CAIRO – 2 December 2021: The site of Memphis and its cemetery is one of the most important World Heritage sites in the world.
Memphis was the Egyptian capital over several historical periods, from the Old Kingdom, to the Middle and New Kingdoms, to the Late Period, and during the beginning of the era of Alexander the Great.
The city of Memphis contains the Great Pyramid of King Khufu [Cheops], which is the only surviving wonder of the Seven Wonders of the Ancient World.
The Pyramid of Khufu (2589-2566 BC), with its original height of 146.5 m, was the tallest building in the world for 3800 years.
It took 10-20 years to build the Pyramid of Cheops, and until today, we don't have definitive information about how it was built.
The Great Pyramid of Cheops was built of local limestone, and in the old days it was completely covered with a high-quality limestone. The cladding stones were brought from the quarries of Tora by boats up to the pyramid.
From the inside, the pyramid includes three burial chambers, one of which is cut under the lower rock, and two are at a height inside the building itself. It is something unique that no other pyramid has.
The visitor can see the sarcophagus in which King Khufu was lying in the upper chamber known as the King's Chamber.

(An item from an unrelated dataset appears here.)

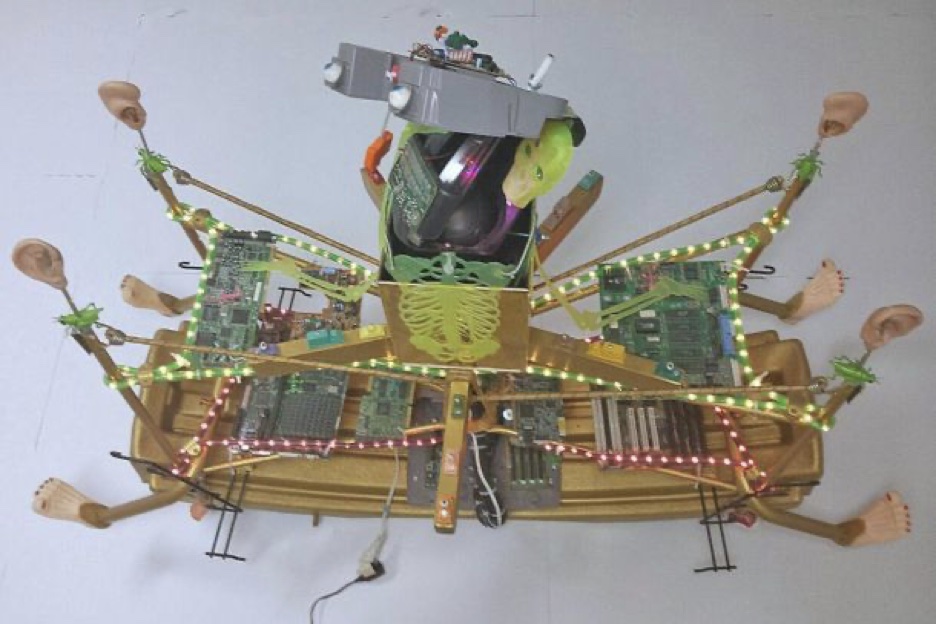 “Civilization!” is inspired by the artist’s fascination with found objects and their relevance to our current society. Worthington sees similarities between  computer circuit boards and aerial views of cities. Anthropomorphic elements of human form are incorporated into the body of the artwork and you will find “pre-civilization” dinosaurs hiding among the circuit boards. Within the sculpture, lights and electricity flow and pulsate. Pushing buttons on the sculpture reveals noises of modern civilization.

This room can be accessed through the Great Hall, a corridor with a grandiose stepped ceiling, considered a masterpiece of ancient architecture.

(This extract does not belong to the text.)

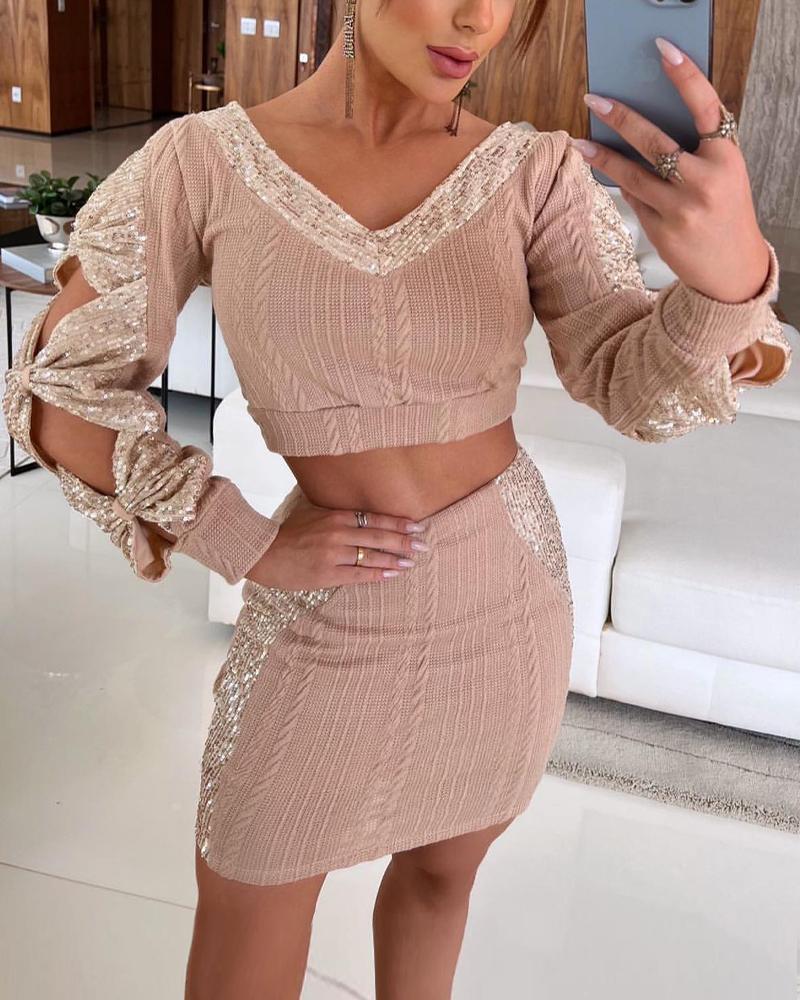 Contrast Sequin Cutout Long Sleeve Crop Top & Skirt Set

The archaeological area of Memphis also includes 38 pyramids in Giza, Saqqara, Abu Sir and Dahshur, and more than 9000 monuments and tombs that date back from the era of the First Dynasty until the Greco-Roman era, according to the Ministry of Tourism and Antiquities.
As an archaeological site, Memphis is divided into seven administrative divisions: Abu Rawash, Giza, Zawyat al-Arian, Abu Sir, Saqqara, Mit Rahina, and Dahshur.
The site of Memphis and its cemetery were inscribed on the UNESCO list of World Heritage sites in the year 1979.